Filed under: General — Angry Clam @ 10:32 am



[Posted by the Angry Clam.]

Today two packages arrived for me.

One was from Amazon, and contains a copy of Justice Breyer’s new book Active Liberty.

As some have speculated, it does appear to be an update (or rehash, depending on how things turn out) of John Hart Ely’s Democracy and Distrust. Reading this book will be interesting, since Justice Breyer has set himself up as the intellectual and jurisprudential counterweight to Justice Scalia, facing him in various debates about constitutional interpretation, the use of international law, and the like. Indeed, this book could very well be in emulation of Justice Scalia’s A Matter of Interpretation, although I would point out that Justice Breyer does not allow criticism of his views to share space in his slim volume, as Justice Scalia did.

In any event, I’ll be reading that this week, and will provide a fuller report in the coming days.

The second package, however, is getting much more use already: my ipod nano arrived directly from the factory in China via FedEx today. I don’t have a review for you, really- it’s an ipod, but way smaller. I’m mostly just bragging about this.

4 Responses to “This Just In”

  1. “my ipod nano arrived directly from the factory slave labor camp in China via FedEx today”

    clark smith (08f959)

  2. … he said, typing on a computer assembled from parts made in Chinese factories slave labor camps.

    Xrlq (816c74)

  3. What the heck is wrong with Chinese slave-labor camps? They’re far superior to the slave-labor camps in many nearby Southeast Asian countries.

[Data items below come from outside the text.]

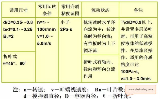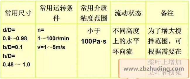 桨式搅拌器的转速一般为20~100r/min ,其常用参数见下表:
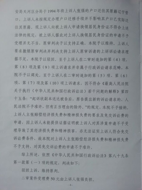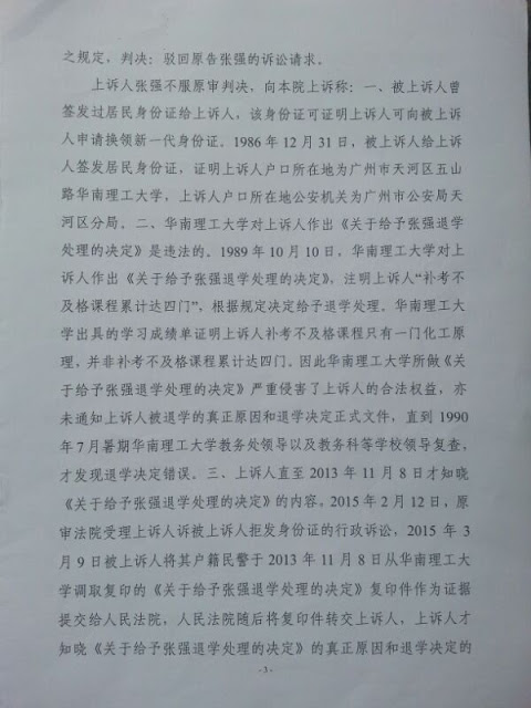 (2016年04月17日权利运动信息转载) 广州无户籍人士张强行政上诉,控告户口所在地公安机关广州市公安局天河区分局违法拒发身份证,广州市中级人民法院2015年11月19日《行政判决书》(2015)穗中法行终字第1406号审判长:朱琳 审判员:肖晓丽 代理审判员:姚伟 书记员:潘星钿、何杨妮 电话:83210575、83210569
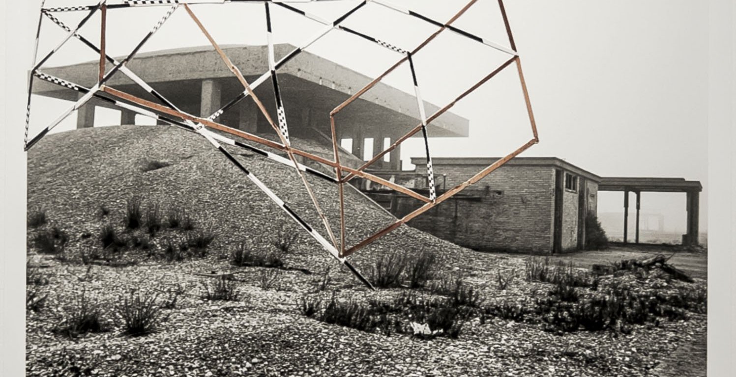 Blind Landings follows this relationship onwards in its photographs by using a collage technique to further break the shapes of the place with even more yard measures.  The geometric patterns map onto the  images of the buildings and the pagodas, becoming reminiscent of the aerial mapping images commonly associated with the site, especially of Cobra Mist.  The act is, however, temporal, but it is a far more circular act than Sebald’s writing because the newly added patterns on the photographic works deliberately stand out from the grainy 35mm images on which they were initially placed.  Whereas the sculptures and the soundwork are clearly intended to heighten the dereliction of the places through an ironic anachronism of new but subtle additions to the laboratories, the photo collages create an entirely circular logic by following Sebald into that parallel perceptive dimension that he slipped into when visiting the Ness and revelling in its potential, of which the history is measured; the dereliction of both time and space being documented yard by yard.
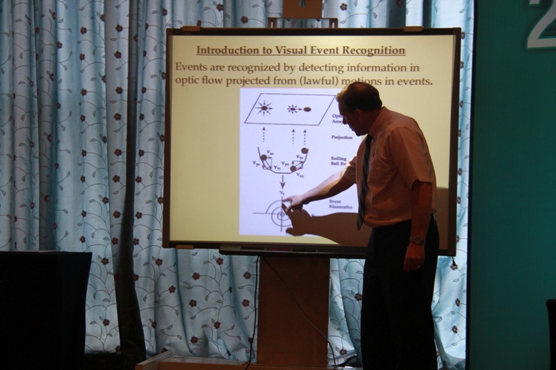 作为本次论坛的核心议题,动作技能与心理研究从一开始就引起了大家的强烈兴趣。宾汉姆教授长期致力于以生态心理学方法探究人类知觉与运动的关系的研究,他的诸多研究课题充分展现了实验心理学和运动学有机结合的巨大魅力。本次论坛,他首先运用光电技术的实验模拟方法向大家展现了人体运动的特征,让大家耳目一新。接着,他列举了自己一系列的研究领域相关问题并作了充分的理论介绍。最后,他通过物理和力学的方法对视觉事件的识别提出了自己的观点和研究成果。宾汉姆教授批判了人对自身运动的感知,提出“人可以通过其他现象来感知自身的运动、信息产生于运动”的观点。
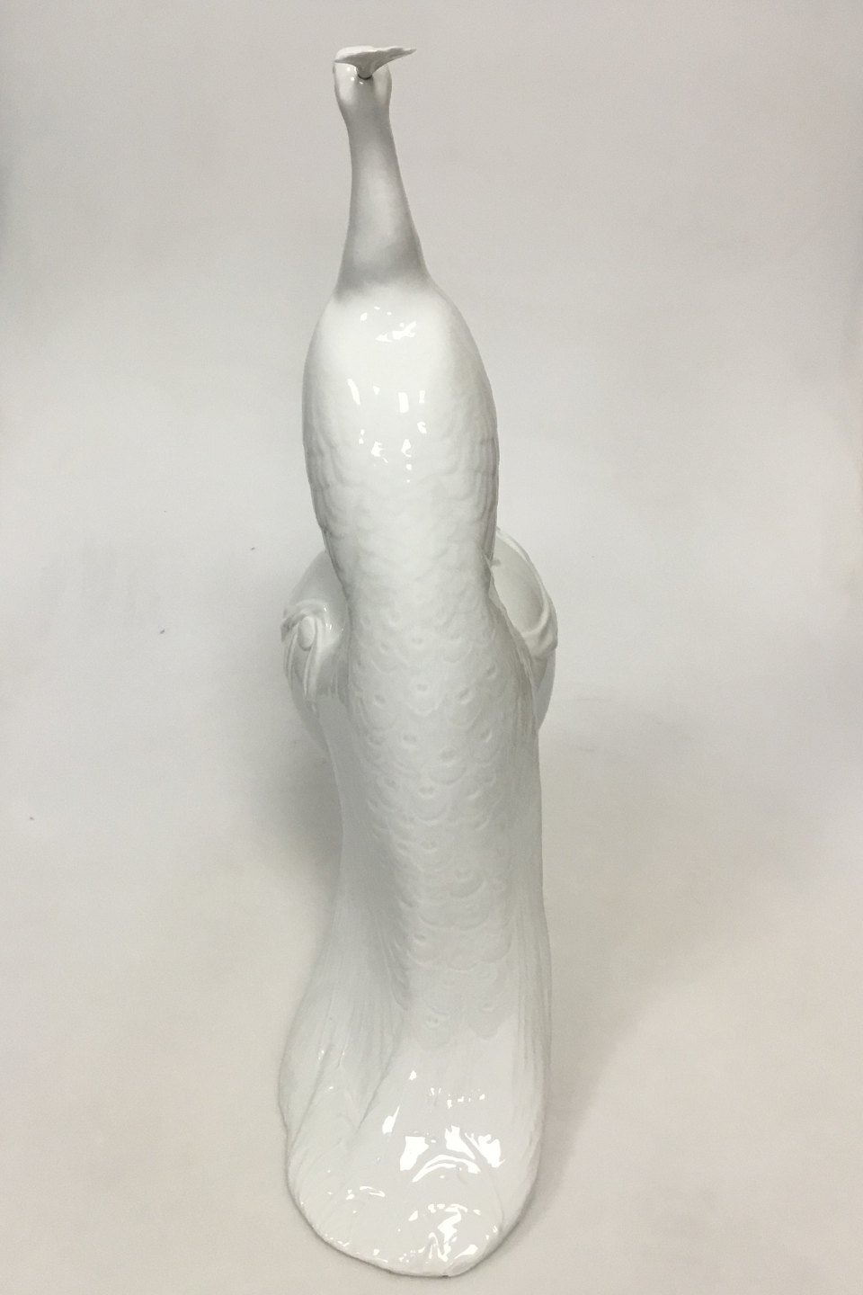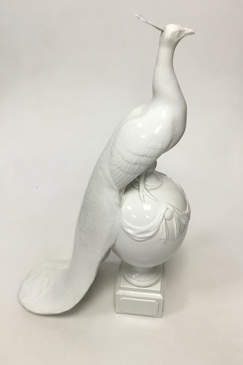 Royal Copenhagen Figurine of Peacock on ball. Designed by Arnold Krog. Measures 55 cm / 21 21/32 in. 2nd Quality. The figurine is a bit crooked. Top feathers on peacocks head can be taken off.
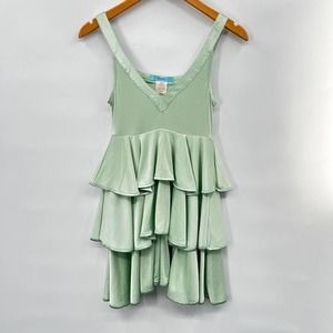 Marciano Vintage 90's Tiered Ruffle V-Neck Dress in Mint Green Size XS
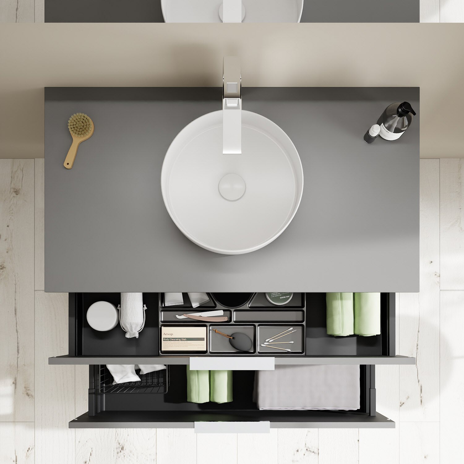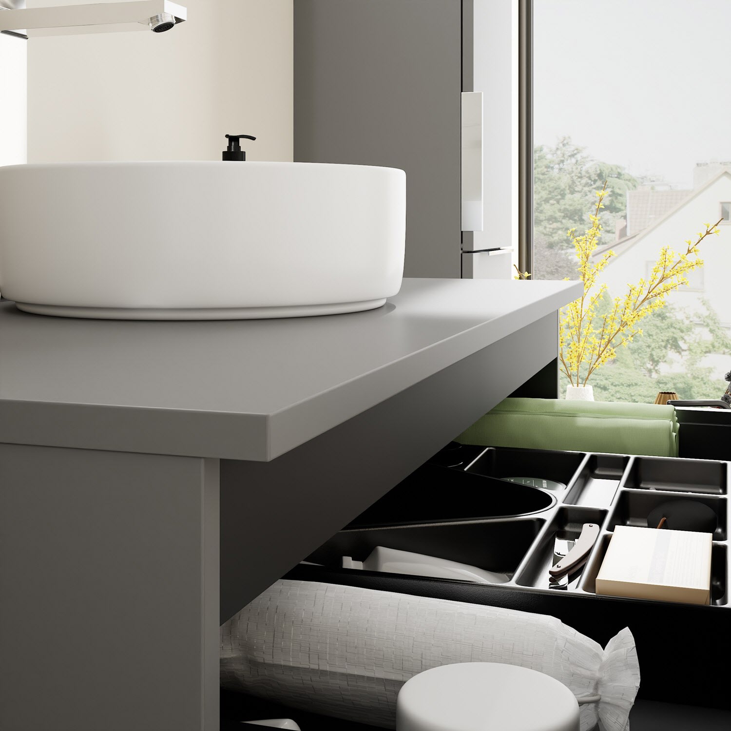 - 1 Schublade oben, 35 cm tief, mit Siphonausschnitt und Inneneinteilung
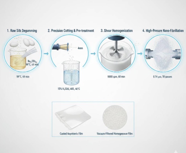 蠶絲蛋白(Silk Fibroin)於再生醫學與組織工程領域之應用,具優異的生物相容性與結構強度。最新的研究顯示,透過物理剝離技術,可製備出保留天然β片層結構的微纖維化絲蛋白(Microfibrillated Silk, MFS)。本製程關鍵在於透過高階設備進行製備,可結合本公司代理產品 Frits...
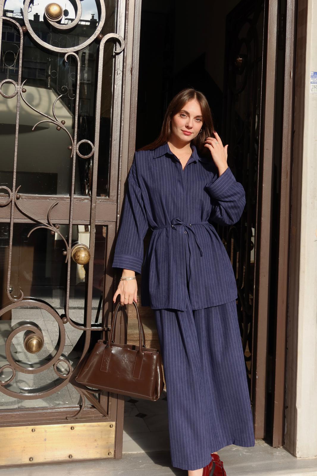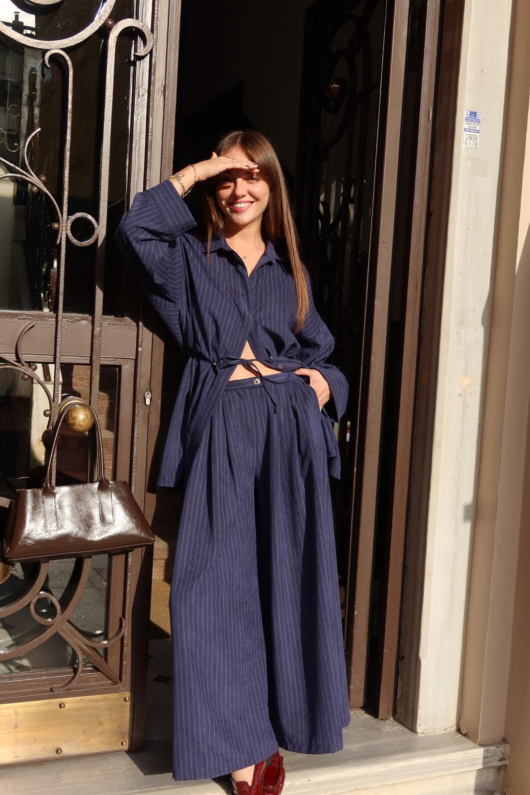 Lacivert Çizgili Kuşak Detaylı Gömlek Pantolon Takım (122-00854)
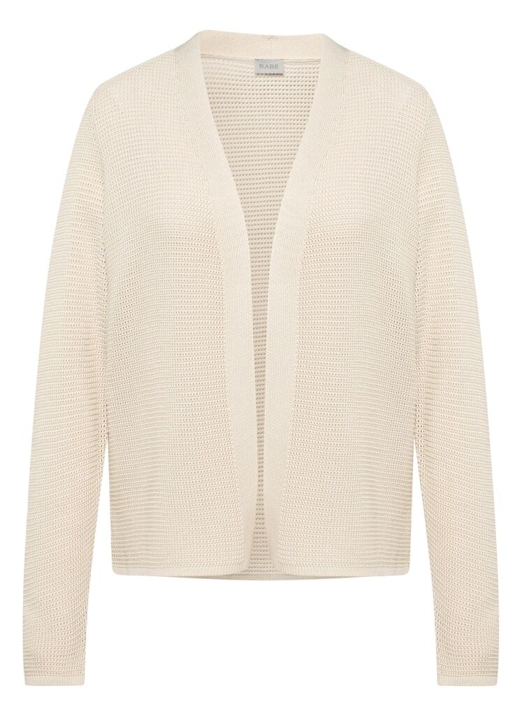 Diese offen geschnittene Strickjacke von RABE überzeugt durch ihre schlichte Eleganz und eine angenehm leichte Strukturqualität. Der klassische Schnitt ohne Verschluss macht sie zum perfekten Begleiter für vielseitige Outfits _ von casual bis gepflegt.Luftiger Strukturstrick für ein angenehmes Tragegefühl.Offenes Design ohne Verschluss für moderne Lässigkeit.Langarm _ ideal für kühlere Tage und Übergangszeit.Hochwertige Verarbeitung für eine edle Optik.Vielseitig kombinierbar mit Tops, Blusen oder Kleidern.
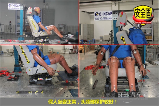 鞭打試驗中,寶駿630車中假人向前挺起,頭部與頭枕接觸正常,頭頸部變動幅度較小,得分為4分,得分率100%,表現出眾。而長城C50假人坐姿正常,安全帶緊扣,數據表面得分為2.73分,得分率為68.25%。長安逸動在鞭打測試中,得分為4分,得分率100%。雪鐵龍C4L假人坐姿正常,安全帶緊扣,得分為4分,得分率100%。朗動和起亞K3在鞭打試驗中獲得4分的滿分,得分率為100%。
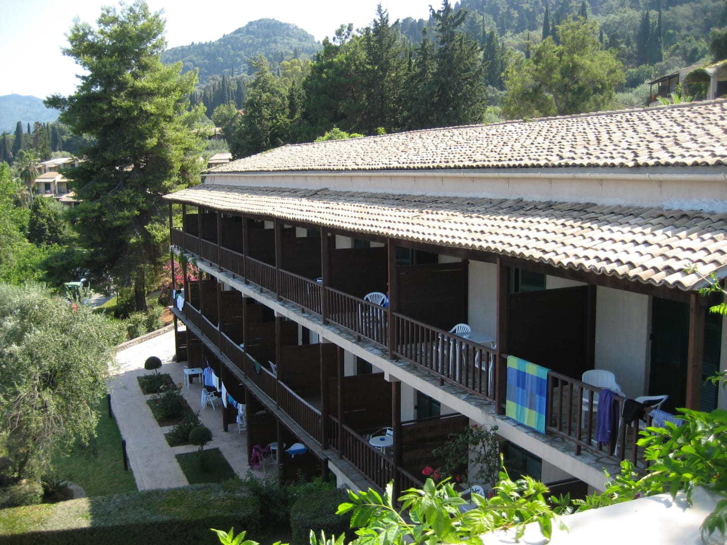 Haupthaus im LandhausstilBlick von der Lounge / Terrasse auf eines der Haupthäuser im Landhausstil, mein Zimmer auf der obersten Etage :-)
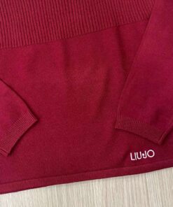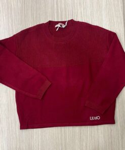 Maglia bambina/ragazza in caldo tessuto, di colore bordeaux, con scritta LIU•JO ricamata di colore bianco.
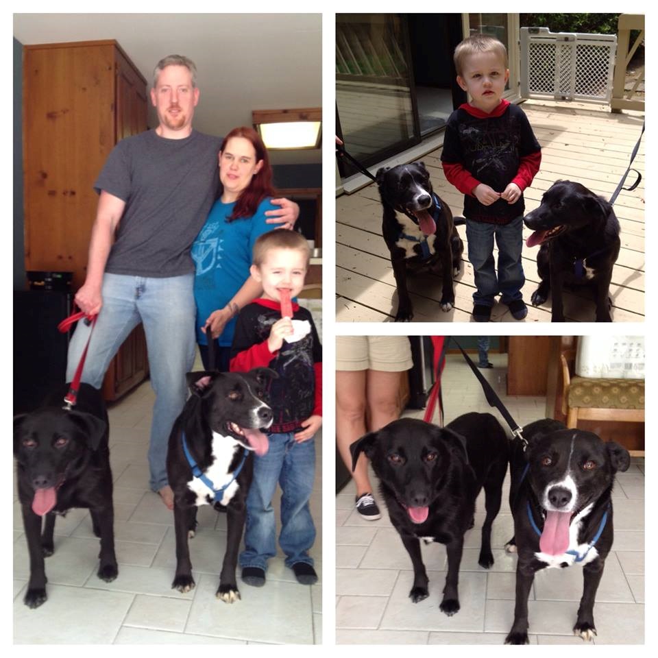 And since MAY is BACK IN BLACK month in concert with Best Friends Society, how about a HAPPY EVFUR AFTER for a great black dog - MAXWELL. He is now the forever furry member of the Jennings Family. With a fur sister and two human siblings. We know why MAXWELL (solid black w/red leash) has that smile on his face! Thanks to Jen S. and family (first time fosters) for helping Maxwell find his forever happiness.

    I suspect they’re probably not up the high standards of the slave-labor camps of the old Soviet Union; but it’s hard to beat Stalin at the game he invented. You people are talking through your hats… I have grave doubts that you have sufficiently sampled the slave-labor output from very many camps, at least not in recent years. There has been a huge improvement in slave sophistication in China, for example: rarely nowadays do the slaves write tech docs that include instructions such as “upon boild,, stir three time with chopstick and eat BUT NOT UPON BEFORE A COOLING!!!”

    I’m sure the slave-labor camps in, say, Sudan, Somalia, and Massachusetts are not even in the running anymore. But the all-time champs were the Roman slave-labor battalions. They were not, of course, organized into camps; but they frequently comprised Greek philosophers and Egyptian surgeons.

    Dafydd

    Dafydd (f8a7be)

  4. I am dreadfully sorry, but I must make a correction. In my commment above, I got carried away and inadvertently wrote the the Roman slave battalions “frequently comprised Greek philosophers and Egyptian surgeons.”

    This is absurd, of course; and I’m very sorry I said it. I sincerely apologize.

    I meant to say they frequently included Greek philosophers and Egyptian surgeons, of course.